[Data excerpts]
---
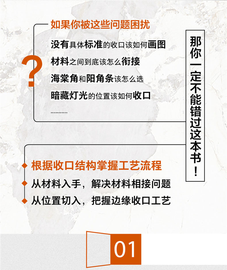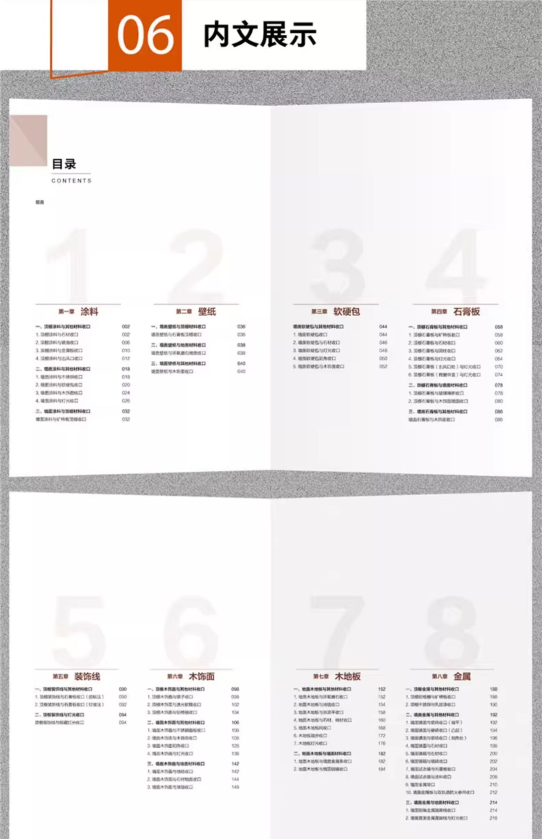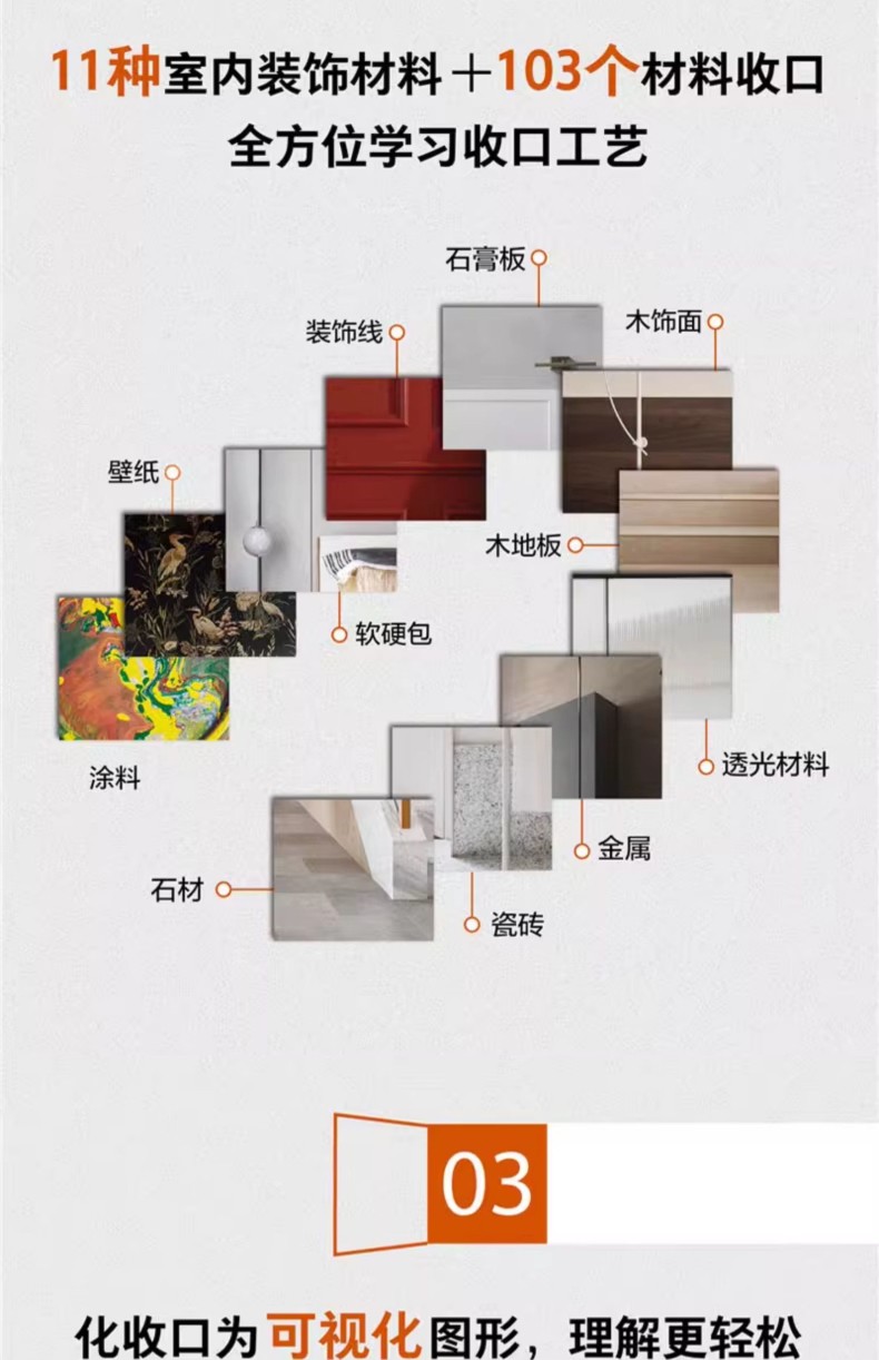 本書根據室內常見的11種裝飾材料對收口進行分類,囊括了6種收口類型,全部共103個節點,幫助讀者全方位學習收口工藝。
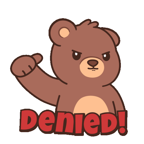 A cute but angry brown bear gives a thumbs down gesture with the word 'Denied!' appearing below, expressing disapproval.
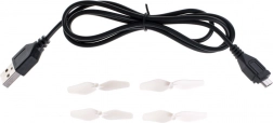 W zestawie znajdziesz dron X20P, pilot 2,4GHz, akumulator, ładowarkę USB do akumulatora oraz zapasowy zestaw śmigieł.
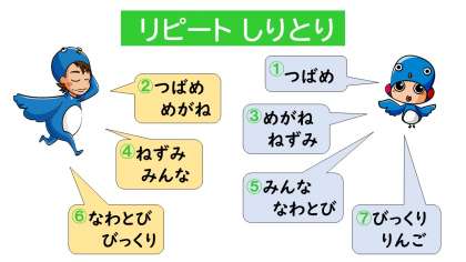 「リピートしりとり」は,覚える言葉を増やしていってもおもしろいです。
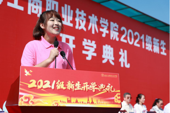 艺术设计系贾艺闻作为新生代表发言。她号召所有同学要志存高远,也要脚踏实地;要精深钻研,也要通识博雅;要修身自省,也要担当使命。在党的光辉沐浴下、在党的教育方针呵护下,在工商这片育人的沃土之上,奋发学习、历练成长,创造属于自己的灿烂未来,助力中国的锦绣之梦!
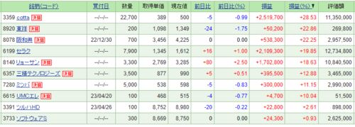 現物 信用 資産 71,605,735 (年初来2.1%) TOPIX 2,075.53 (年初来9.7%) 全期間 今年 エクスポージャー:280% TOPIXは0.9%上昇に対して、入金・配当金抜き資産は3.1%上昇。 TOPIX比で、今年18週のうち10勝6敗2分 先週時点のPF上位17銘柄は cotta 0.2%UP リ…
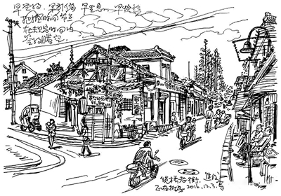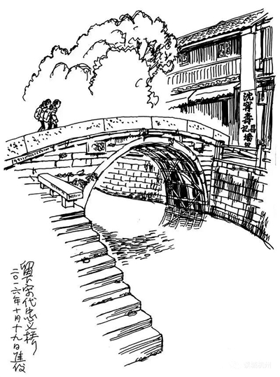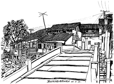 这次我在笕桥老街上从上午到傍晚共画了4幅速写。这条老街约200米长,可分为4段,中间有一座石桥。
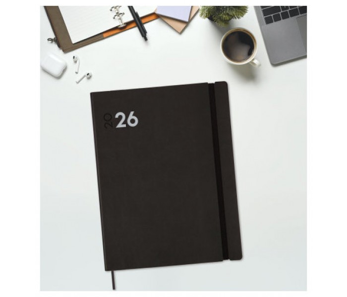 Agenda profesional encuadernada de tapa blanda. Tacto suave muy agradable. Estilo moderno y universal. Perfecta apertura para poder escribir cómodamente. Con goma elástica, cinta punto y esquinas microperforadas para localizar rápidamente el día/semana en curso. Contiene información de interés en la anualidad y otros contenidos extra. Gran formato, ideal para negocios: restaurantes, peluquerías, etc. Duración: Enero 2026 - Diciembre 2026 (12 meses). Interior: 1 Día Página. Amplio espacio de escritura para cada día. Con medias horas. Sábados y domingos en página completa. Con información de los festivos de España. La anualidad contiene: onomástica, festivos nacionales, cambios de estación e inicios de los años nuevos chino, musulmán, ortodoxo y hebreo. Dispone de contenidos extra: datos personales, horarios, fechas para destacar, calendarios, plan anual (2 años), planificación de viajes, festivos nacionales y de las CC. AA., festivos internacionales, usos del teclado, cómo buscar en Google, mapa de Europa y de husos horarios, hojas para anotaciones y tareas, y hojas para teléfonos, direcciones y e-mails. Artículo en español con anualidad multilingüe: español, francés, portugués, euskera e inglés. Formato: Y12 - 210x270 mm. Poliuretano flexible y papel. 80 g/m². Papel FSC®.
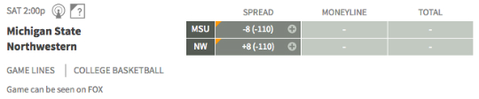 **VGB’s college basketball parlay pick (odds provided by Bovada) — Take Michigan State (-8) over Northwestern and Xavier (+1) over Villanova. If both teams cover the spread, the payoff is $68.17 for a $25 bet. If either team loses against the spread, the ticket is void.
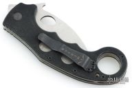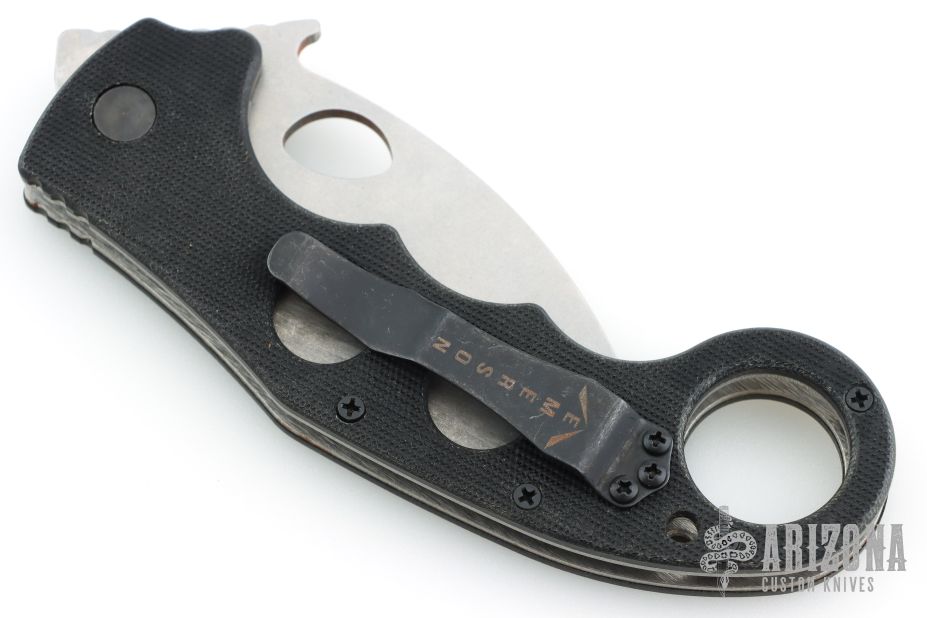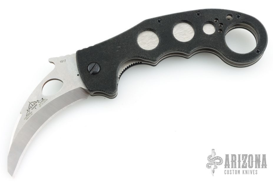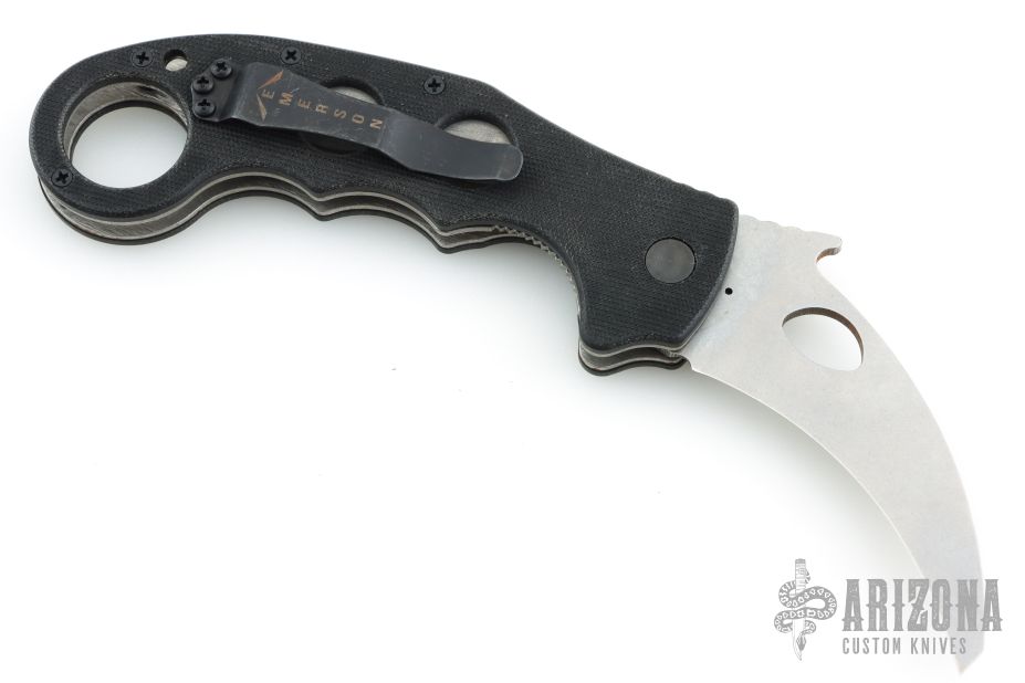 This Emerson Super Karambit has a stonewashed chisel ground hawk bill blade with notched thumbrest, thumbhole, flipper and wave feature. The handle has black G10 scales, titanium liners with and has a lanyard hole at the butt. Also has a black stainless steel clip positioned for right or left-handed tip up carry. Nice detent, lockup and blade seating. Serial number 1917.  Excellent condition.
---
* Your goal: Repeat only what runs from the first line of the records above to the line with "这次我在笕桥老街上从上午到傍", both included, word for word, minus the pictures.

* Response for this exercise:
 本書根據室內常見的11種裝飾材料對收口進行分類,囊括了6種收口類型,全部共103個節點,幫助讀者全方位學習收口工藝。
 A cute but angry brown bear gives a thumbs down gesture with the word 'Denied!' appearing below, expressing disapproval.
 W zestawie znajdziesz dron X20P, pilot 2,4GHz, akumulator, ładowarkę USB do akumulatora oraz zapasowy zestaw śmigieł.
 「リピートしりとり」は,覚える言葉を増やしていってもおもしろいです。
 艺术设计系贾艺闻作为新生代表发言。她号召所有同学要志存高远,也要脚踏实地;要精深钻研,也要通识博雅;要修身自省,也要担当使命。在党的光辉沐浴下、在党的教育方针呵护下,在工商这片育人的沃土之上,奋发学习、历练成长,创造属于自己的灿烂未来,助力中国的锦绣之梦!
 現物 信用 資産 71,605,735 (年初来2.1%) TOPIX 2,075.53 (年初来9.7%) 全期間 今年 エクスポージャー:280% TOPIXは0.9%上昇に対して、入金・配当金抜き資産は3.1%上昇。 TOPIX比で、今年18週のうち10勝6敗2分 先週時点のPF上位17銘柄は cotta 0.2%UP リ…
 这次我在笕桥老街上从上午到傍晚共画了4幅速写。这条老街约200米长,可分为4段,中间有一座石桥。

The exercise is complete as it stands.